Steven Lindell, at Haverford College
David G. Wonnacott, at Haverford College
Douglas S. Blank
John Dougherty, at Haverford College
George E. Weaver Jr.
Computer Science is the science of algorithms — their theory, analysis, design and implementation. As such it is an interdisciplinary field with roots in mathematics and engineering and applications in many other academic disciplines. The program at Bryn Mawr is founded on the belief that computer science should transcend from being a sub-field of mathematics and engineering and play a broader role in all forms of human inquiry.
Computer Science is a bi-college program, supported jointly by faculty at both Bryn Mawr and Haverford Colleges. The program welcomes students who wish to pursue a major in computer science. Additionally, the program also offers a Minor in Computer Science, a Concentration in Computer Science (at Haverford College) and a Minor in Computational Methods (at Bryn Mawr College). The program also strives to facilitate evolving interdisciplinary majors. For example, students can propose a major in cognitive science by combining coursework from computer science and disciplines such as psychology and philosophy.
All majors, minors and concentrations offered by the program emphasize foundations and basic principles of information science, rather than engineering or data-processing applications.
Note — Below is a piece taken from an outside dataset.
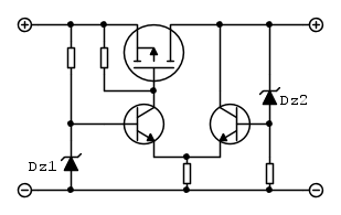 Per tensioni di ingresso di valore inferiore alla somma dei valori di tensione di conduzione dei due diodi zener il mosfet è in piena conduzione, quindi il circuito è trasparente, invece per tensioni di ingresso di valore superiore si chiude l'anello, il circuito va in linearità e la tensione di uscita si stabilizza al valore imposto dagli zener.

Both colleges believe this approach to be the most consistent with the principles of scientific education in the liberal arts. The aim is to provide students with skills that transcend short-term trends in computer hardware and software.
Independent Major in Computer Science
Students who wish to major in computer science do so by declaring an independent major. Students are encouraged to prepare a major course plan in consultation with their academic adviser in computer science. A typical course plan includes three introductory courses (110 or 205, 206 and 231), three core courses (240, 245 and one of 330, 340 or 345), six electives of a student’s choosing and a senior thesis. Students declare an independent major in the spring semester of their sophomore year. Such students should ensure that they have completed at least three courses in computer science by the end of their sophomore year (we highly recommend 110, 206 and 231).
Minor in Computer Science
Students in any major are encouraged to complete a minor in computer science. Completing a minor in computer science enables students to pursue graduate studies in computer science, in addition to their own major. The requirements for a minor in computer science at Bryn Mawr are 110 or 205, 206, 231, any two of 240, 245, 246, 330, 340 or 345, and two electives chosen from any course in computer science, approved by the student’s adviser in computer science. As mentioned above, these requirements can be combined with any major, depending on the student’s interest and preparation.
Minor in Computational Methods
This minor is designed to enable students majoring in any of the sciences (biology, chemistry, geology, physics, psychology), mathematics, economics, sociology, philosophy, archaeology and growth and structure of cities to learn computational methods and applications in their major area of study. The requirements for a minor in computational methods at Bryn Mawr are 110 or 205, 206, 231; one of 212, 225, 245, 246, 330, 340 or 361; any two computational courses depending on a student’s major and interests (there are over 35 such courses to choose from in biology, chemistry, computer science, economics, geology, mathematics, physics, psychology and sociology).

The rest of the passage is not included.